** Available data follows **
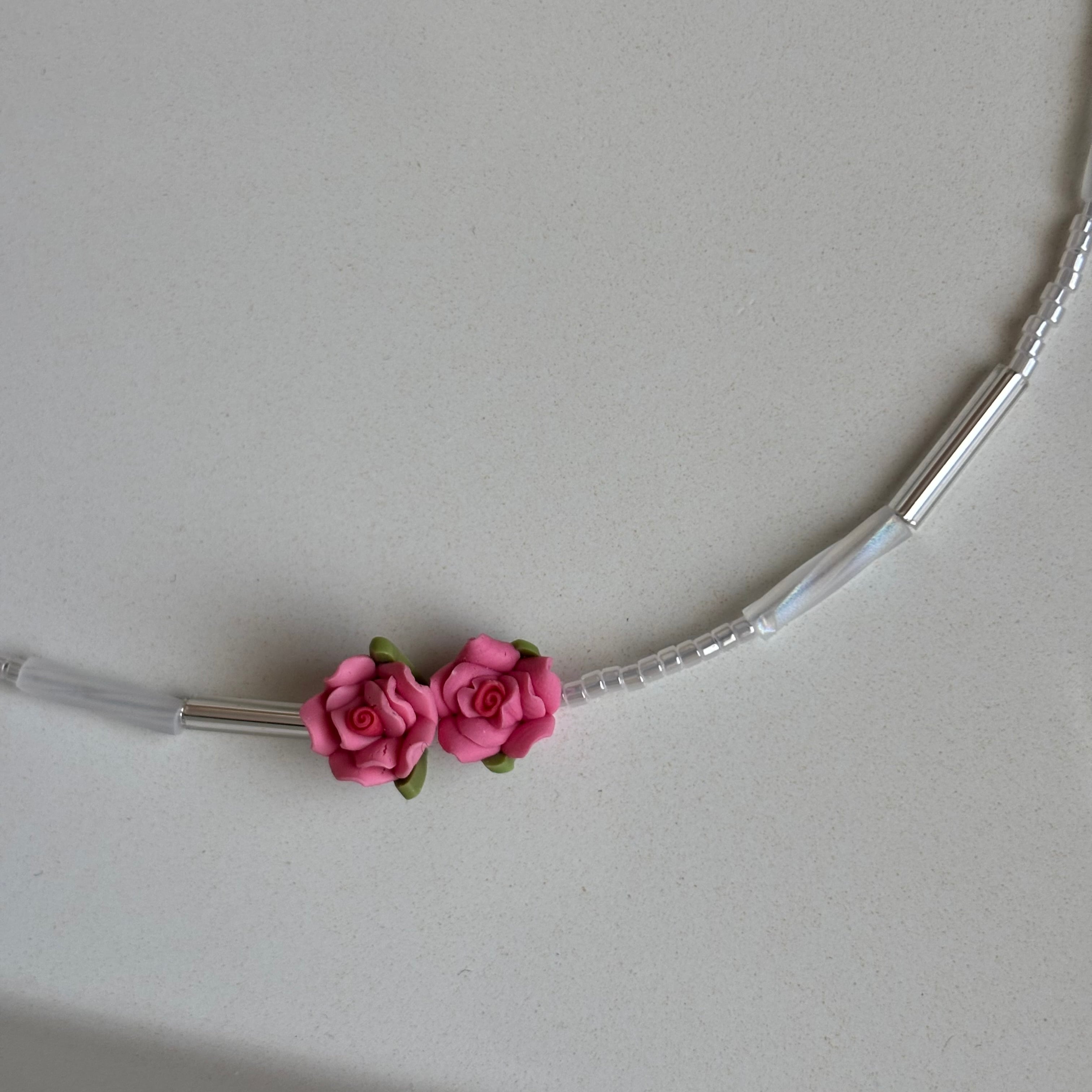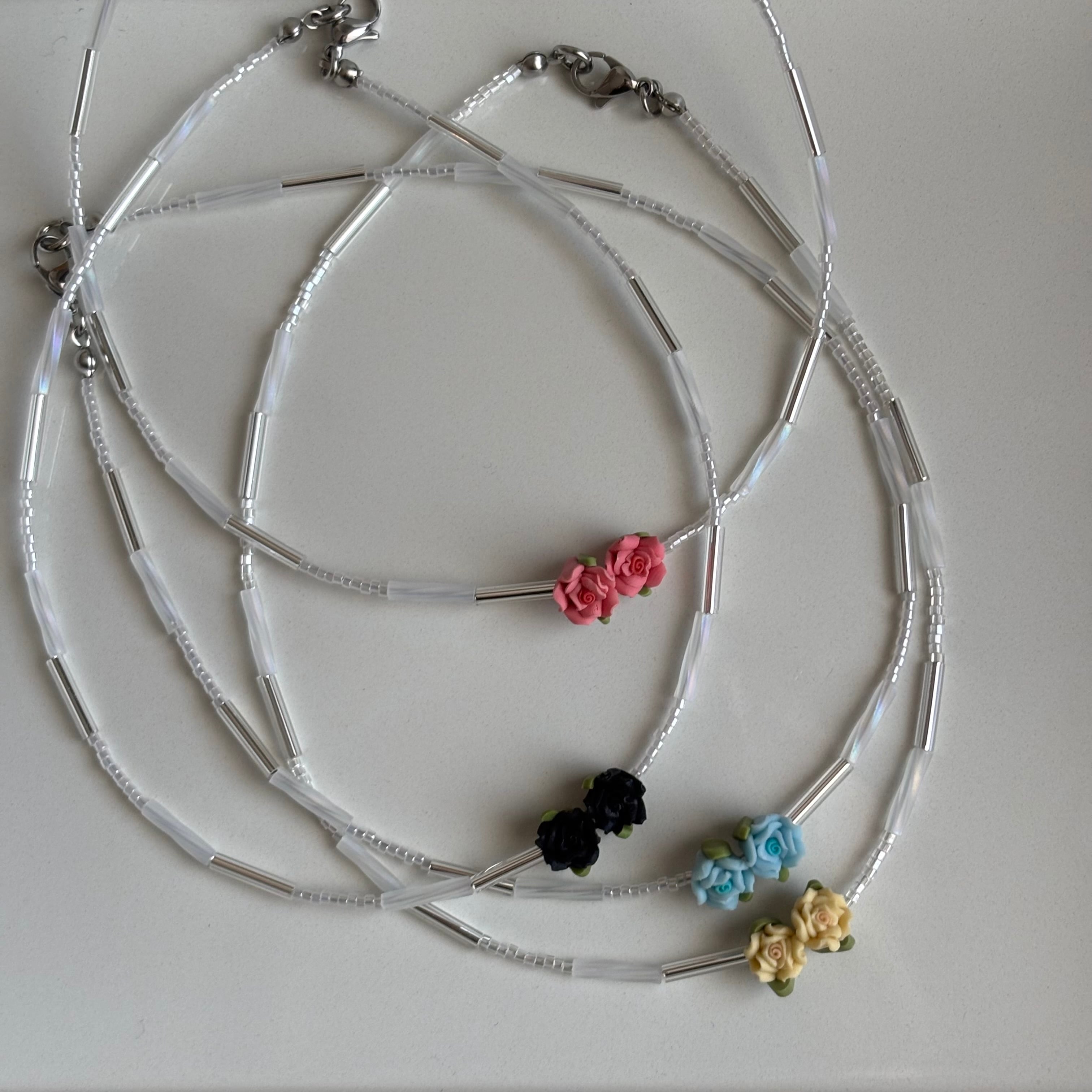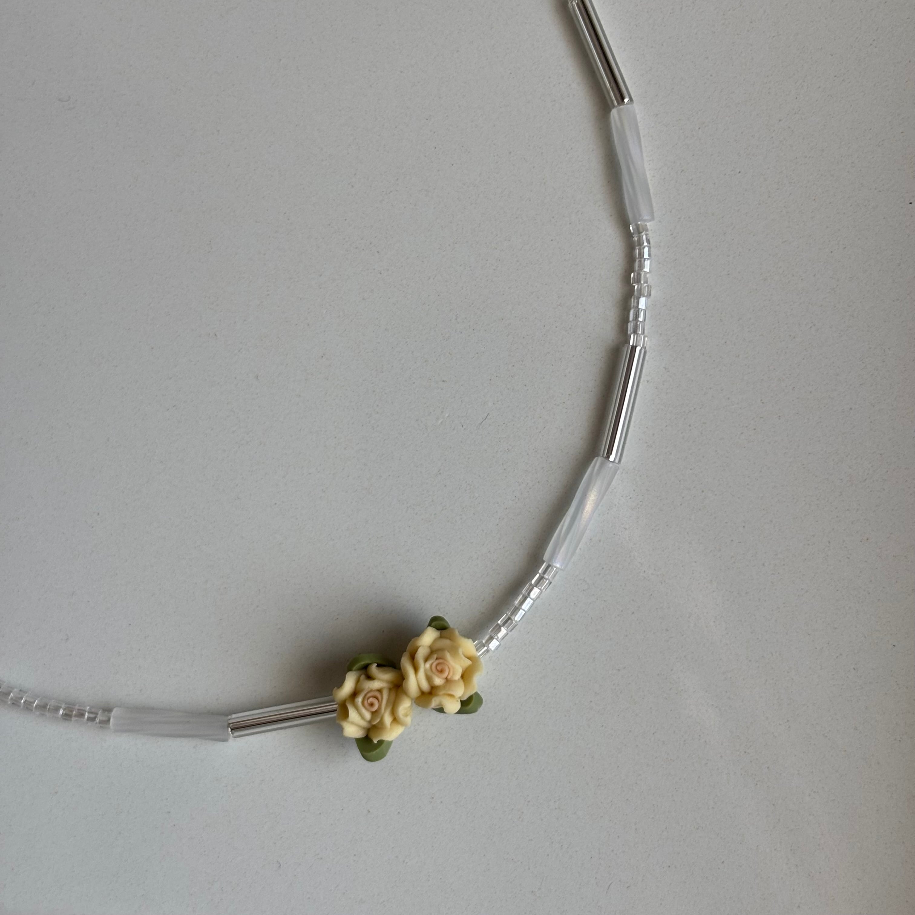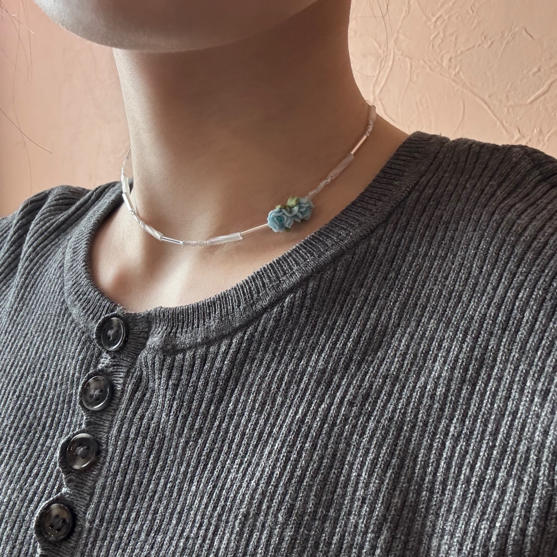 敢えてセンターを外したバラパーツが大人かわいいネックレス。
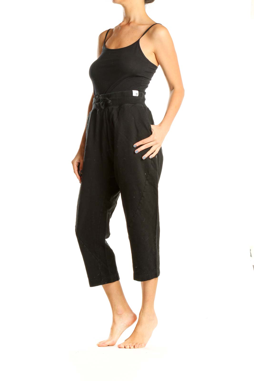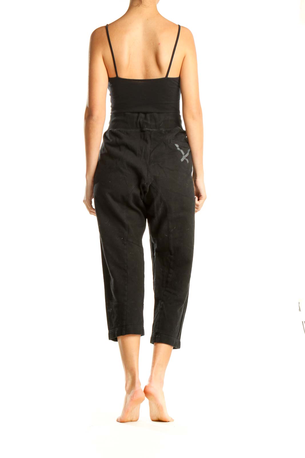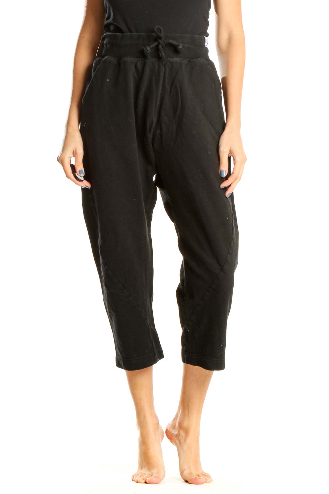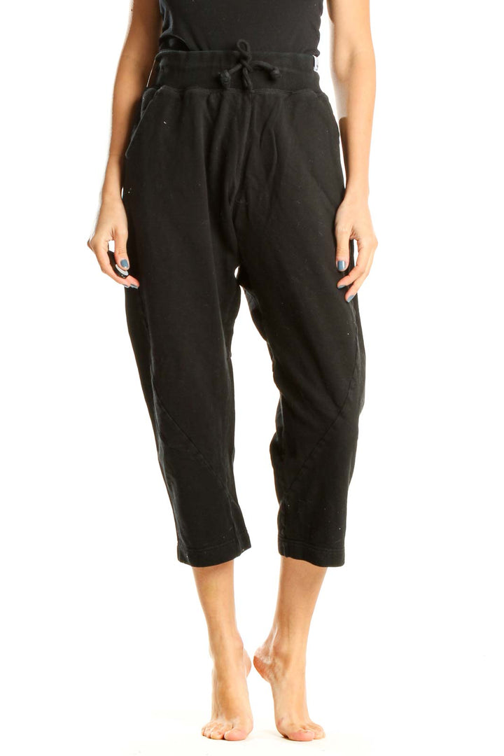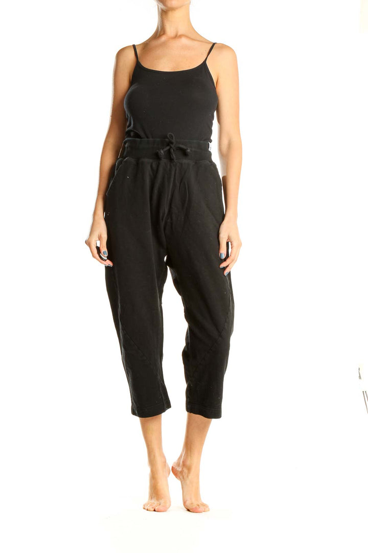 Black Textured Cropped Sweatpants
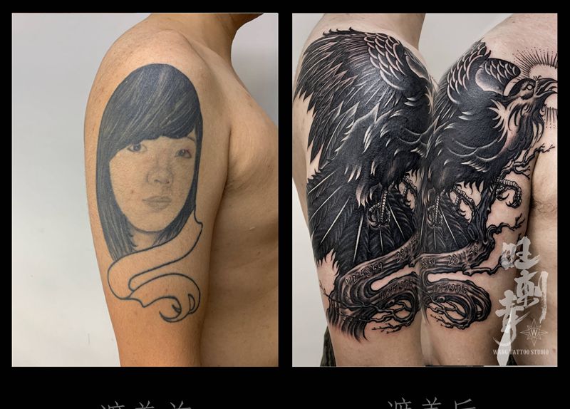 当前位置: 首页 >辽宁省沈阳市纹身店-旺刺青纹身工作室纹身图案>三足金乌纹身图片_手臂图腾欧美写实乌鸦纹身图案
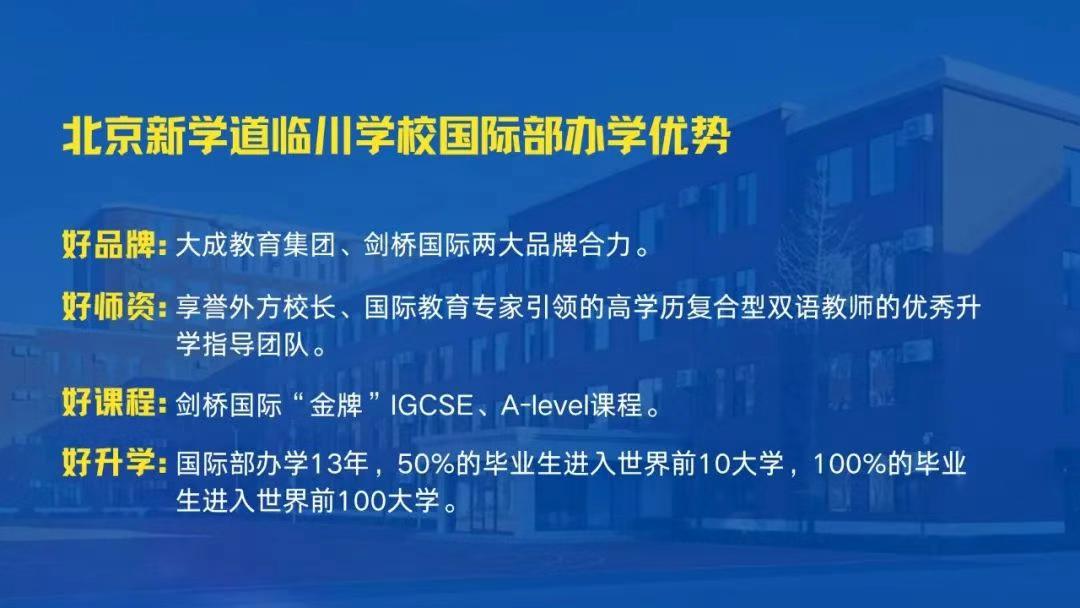 大成教育集团北京新学道临川学校是一所经北京市昌平区教育主管部门批准的十二年一贯制民办学校(涵盖国内国际小、初、高全学段),办学 13 年以来,教学成绩在昌平区名列前茅。学校坚持“以未来定义今天,以成长赋能终身”的办学理念,致力于打造贯通式教育生态。学校以培养具有家国情怀、全球视野、创新思维和终身学习力的未来公民为使命,通过全学段融合的课程体系、多元化的成长平台和个性化的学习支持,助力学生在快速变革的时代中持续成长。
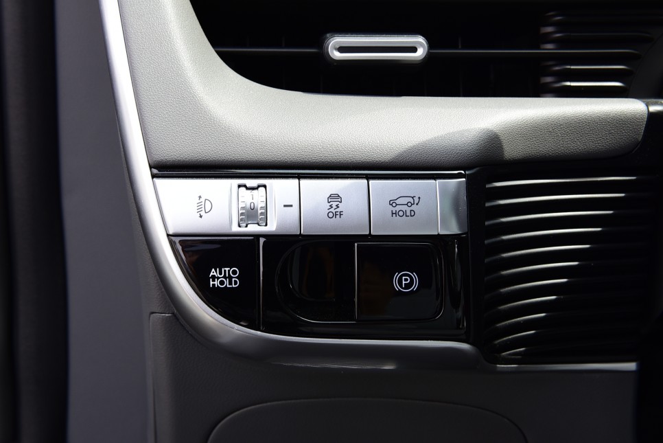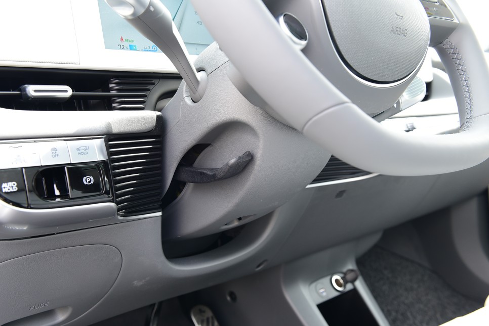조사각 조절과 전자식 파킹 브레이크 등이 깔끔하게 정돈되어 있습니다. 위치는 운전석 왼쪽입니다.
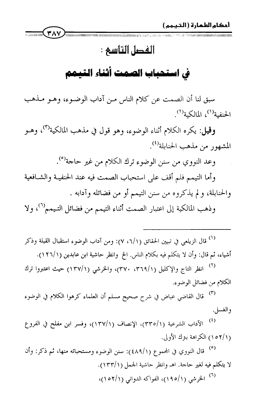 (¬٢) انظر التاج والإكليل (١/ ٣٦٩، ٣٧٠)، والخرشي (١/ ١٣٧) حيث اعتبروا ترك الكلام من فضائل الوضوء.
** End of Available data **
* [What to do] Restate the records above in full, word for word. Keep pictures out.

* [Response area]
 敢えてセンターを外したバラパーツが大人かわいいネックレス。
 Black Textured Cropped Sweatpants
 当前位置: 首页 >辽宁省沈阳市纹身店-旺刺青纹身工作室纹身图案>三足金乌纹身图片_手臂图腾欧美写实乌鸦纹身图案
 大成教育集团北京新学道临川学校是一所经北京市昌平区教育主管部门批准的十二年一贯制民办学校(涵盖国内国际小、初、高全学段),办学 13 年以来,教学成绩在昌平区名列前茅。学校坚持“以未来定义今天,以成长赋能终身”的办学理念,致力于打造贯通式教育生态。学校以培养具有家国情怀、全球视野、创新思维和终身学习力的未来公民为使命,通过全学段融合的课程体系、多元化的成长平台和个性化的学习支持,助力学生在快速变革的时代中持续成长。
조사각 조절과 전자식 파킹 브레이크 등이 깔끔하게 정돈되어 있습니다. 위치는 운전석 왼쪽입니다.
 (¬٢) انظر التاج والإكليل (١/ ٣٦٩، ٣٧٠)، والخرشي (١/ ١٣٧) حيث اعتبروا ترك الكلام من فضائل الوضوء.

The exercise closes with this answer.